一部の初期支援者が、今回のラウンドをスキップ
一方で、逆側の見方もある。
Anthropicの最も初期の支援者の一部が、今回のラウンドを完全にスキップしていると報じられている。2023年に41億ドル(約6437億円)、あるいは2025年3月に615億ドル(約9.7兆円)で参加した投資家たちである。
彼らはIPOを待っているのだ。その理由は明快だ。バンカーたちは、Anthropicが株式公開時に4000億〜5000億ドル(約62.8~78.5兆円)で上場すると予想している。上場は早ければ2026年10月にも実現する可能性がある。参入価格が9000億ドル(約141.3兆円)で、IPOがそれを下回れば、ロックアップ期間が終わる前から未上場投資で含み損を抱えることになる。
このダイナミクスはレイトステージのテックラウンドでは珍しい。通常、これは企業が著しく過大評価されているか、公開市場がIPO時に大幅に再評価することを示唆している。どちらの可能性も、ニュースサイクルの祝祭的な報道には現れていない。

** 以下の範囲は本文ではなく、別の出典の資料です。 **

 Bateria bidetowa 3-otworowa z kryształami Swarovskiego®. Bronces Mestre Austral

Anthropicの財務には、ユニットエコノミクスの深い懸念が浮上
財務をより注意深く見ると、より深い懸念が浮かび上がる。
OpenAIは今月初め、Anthropicの売上高の数字に公然と異議を唱えた。Anthropicが報告する300億ドル(約4.7兆円)のARRは総売上高会計を使用していると主張したのだ。Anthropicは、AWS、グーグルクラウド、マイクロソフトAzureを通じて自社モデルがアクセスされた場合、エンドカスタマーの支出全額を売上として計上し、パートナーへの支払いは費用として記録している。OpenAIの主張によれば、それらの支払いを差し引いた実際の売上高は約220億ドル(約3.5兆円)に近い。どちらの数字も大きい。両者の差額、約80億ドル(約1.3兆円)は、まさにIPO時に公開市場での開示問題となりうる種類の会計方針の選択である。

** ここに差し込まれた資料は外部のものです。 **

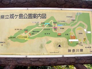 2009/9/28(13:42) 「城ヶ島公園」を入った所にある「案内図」 真中辺りが、公園入口で、左端が東側先端に ある「安房崎灯台」 |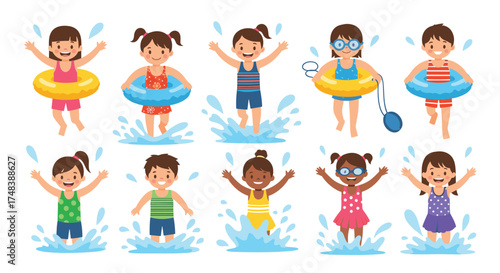 Children enthusiastically jumping into a swimming pool splashing water.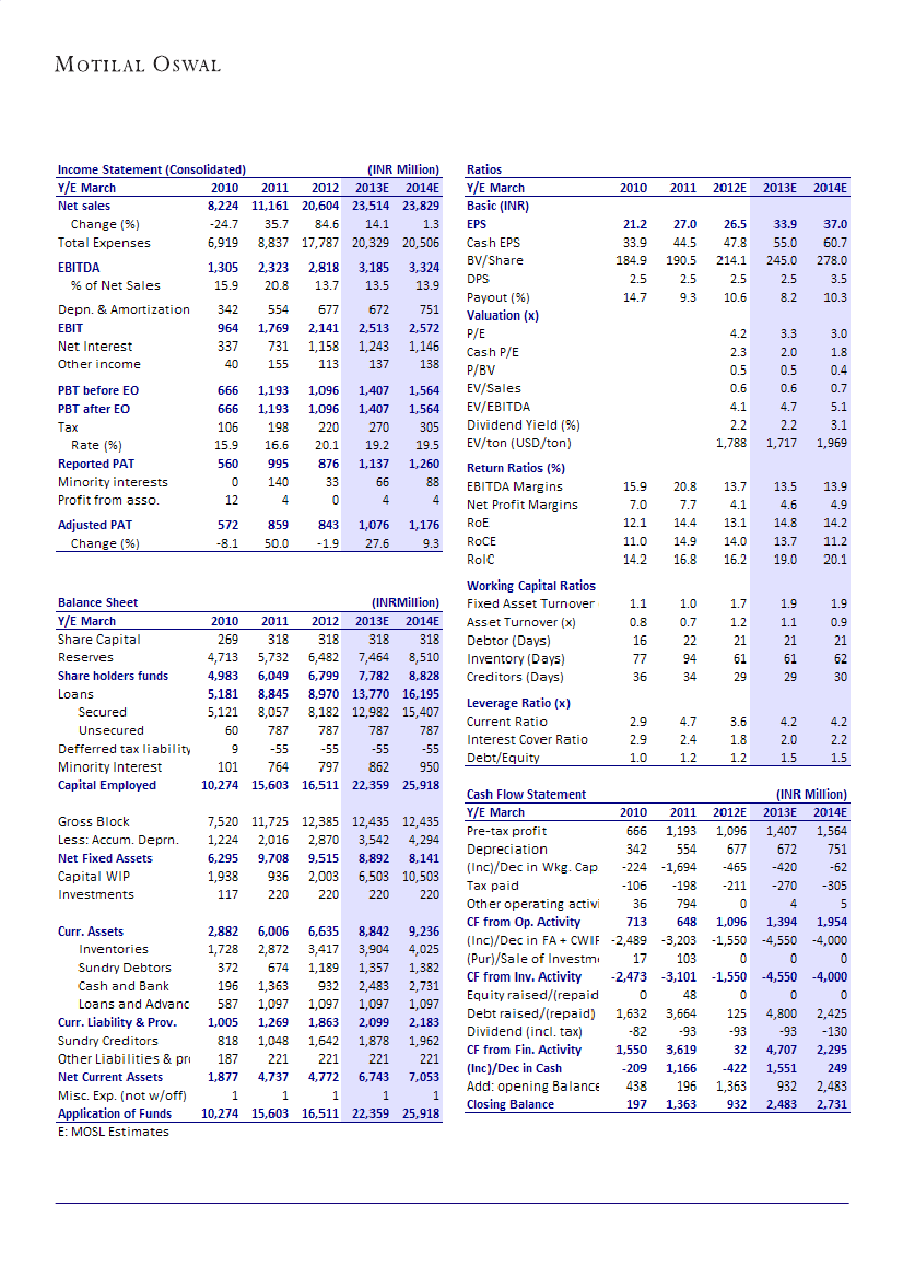 The stock is trading at 3.3x FY13E EPS, 0.5x FY13E BV, and at an EV of 4.7x FY13E EBITDA. Maintain

より大きな問題はユニットエコノミクスだ(編注:ユニットエコノミクスは、事業を構成する最小単位[unit]あたりの収益と費用の関係を指す。事業全体の損益とは別に、最小単位での損益構造を分解して評価する)。Anthropicは2026年にトレーニングと推論のコンピュート費用に約190億ドル(約3兆円)を投じる計画であり、これは通年の売上高とほぼ同額だ。推論コストが予測を23%上回ったため、粗利益率は約40%に圧縮されたと報じられており、これはほとんどのエンタープライズSaaSの比較対象企業が達成している水準を下回る。同社はまだ黒字化しておらず、2028年まで黒字化は見込まれていない。これらはすべて、AIインフラ構築のこの段階にある企業としては珍しいことではない。しかし、9000億ドル(約141.3兆円)の価格が付けられている企業としては異例である。

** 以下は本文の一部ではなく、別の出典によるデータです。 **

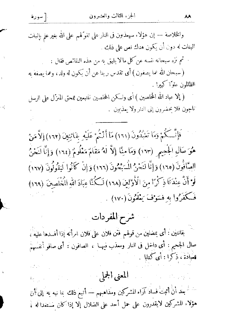 بفاتنين: أي بمضلين من قولهم فتن فلان على فلان امرأته إذا أفسدها عليه، صال الجحيم: أي داخل في النار ومعذب فيها، الصافون: أي صافو أنفسهم للعبادة، ذكرا: أي كتابا

そしてAnthropic自身が語った内容がある。ダリオ・アモデイCEOは2026年初め、史上最大のプライベートラウンドとなるシリーズGの300億ドル(約4.7兆円)調達を完了した数日後、Fortuneに対してこう語った。人工知能の進歩が12カ月遅れれば、Anthropicは破産すると。史上最大のプライベートラウンドを調達したばかりのCEOによるこの種のコメントは、ほとんどのアロケーターが複数年の割引率に織り込まないタイプの発言だ。評価額9000億ドル(約141.3兆円)では、並外れた成功と経営破綻の間のマージンは、1桁の四半期数で測られている。